Ryo unleashed a scream that shattered the silence of the headquarters—a sound that bore no resemblance to any human cry he had ever made. It was the scream of a "Melding" of souls. We watched as the golden roots gripped his pectoral muscles, tunneling into his vasculature. Beneath his pale skin, his veins began to glow with a liquid gold, as if his very blood were being replaced by molten divinity. His eyes rolled back into his head, then snapped forward, glowing with a solar brilliance—a color that had not been seen in Draka since the fall of King Arthur.

A silence deeper than a grave fell over the room. The only sound was the gargantuan, unified pulse emanating from Ryo's chest. "DUB-DUB... DUB-DUB." It was a rhythmic thud that shook the floorboards beneath our feet, sounding like the heartbeat of the planet itself. Ryo lay on the floor, his body twitching rhythmically as the golden roots settled into his ribcage, restructuring his skeletal frame and his mana from the inside out.

Dan watched the scene with a shock that completely paralyzed his limbs. His black blade slipped from his trembling hand, clattering onto the cold stone with a mournful ring. Dan looked at Ryo—the youth he had viewed as a mere "disciple" or a "burden" to be protected—and saw how Destiny had spat in the face of all his ambitions. Destiny had chosen the boy with a clarity that left no room for debate.

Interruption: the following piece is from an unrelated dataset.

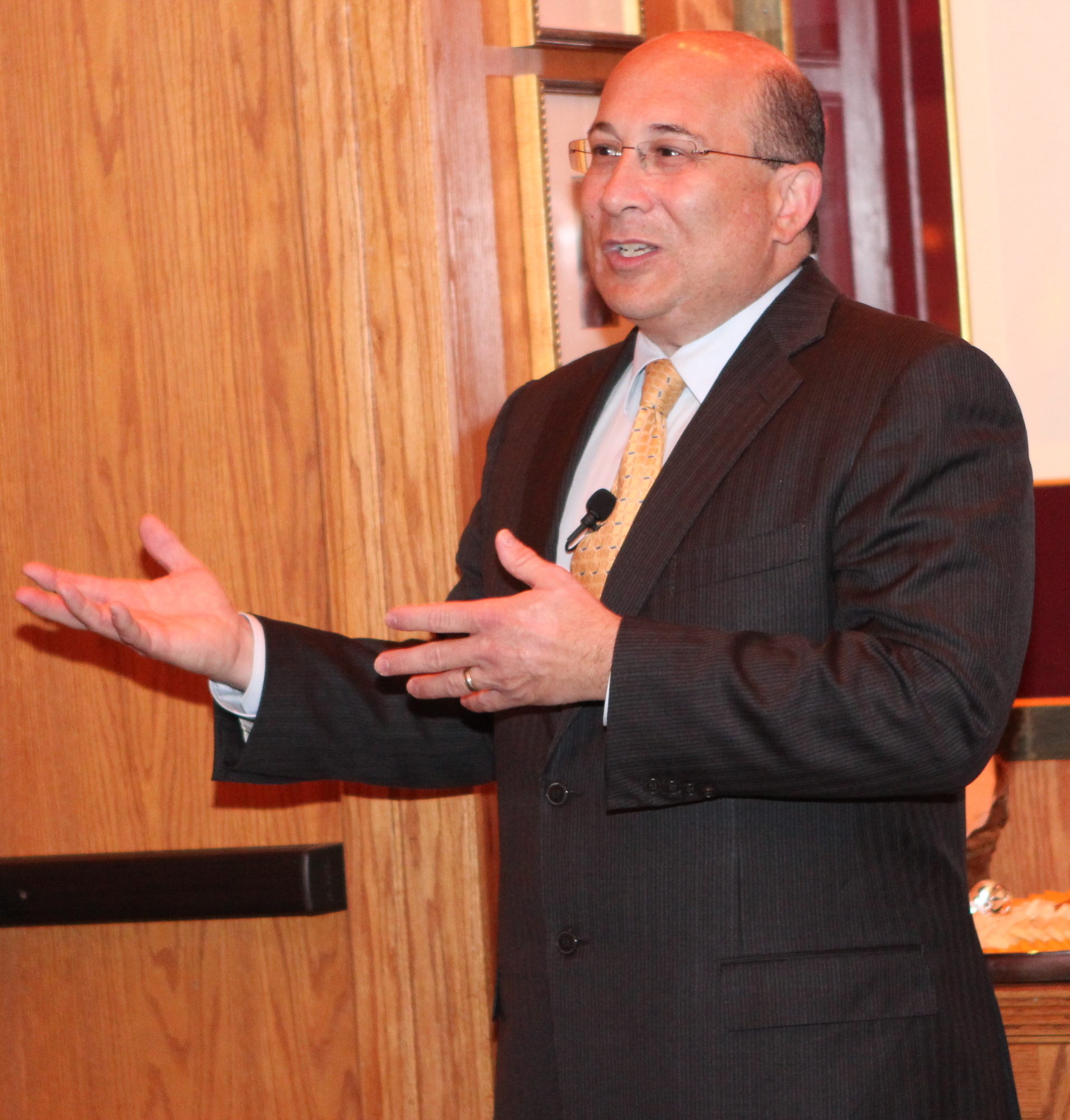 at the Detroit Regional Chamber 2012 Mackinac Policy Conference

The Heart that had rejected Dan's raw, barbaric strength—the Heart Dan was prepared to slaughter armies for—had voluntarily buried itself into the chest of the boy who had never asked for it.

Dan's features shifted in a single heartbeat. The shock evaporated, replaced by something a thousand times more terrifying: a pure, blackened lunacy. His lips began to tremble, and then he exploded into a hysterical, rhythmic laughter—a sound so loud and violent it terrified the guards in the outer tunnels.

Dan stood upright, his frame radiating a predatory malice. He gripped the hilt of his sword and raised it slowly toward the golden light emanating from Ryo's chest. His eyes overflowed with an absolute, lethal hunger, as if he were staring at the most exquisite prey he had ever encountered in his long, blood-soaked life.

He whispered in a dry, cracked voice: "You possess... royal blood?"

Then, a savage smile spread across his face, as if he had finally found the prey he had been waiting for.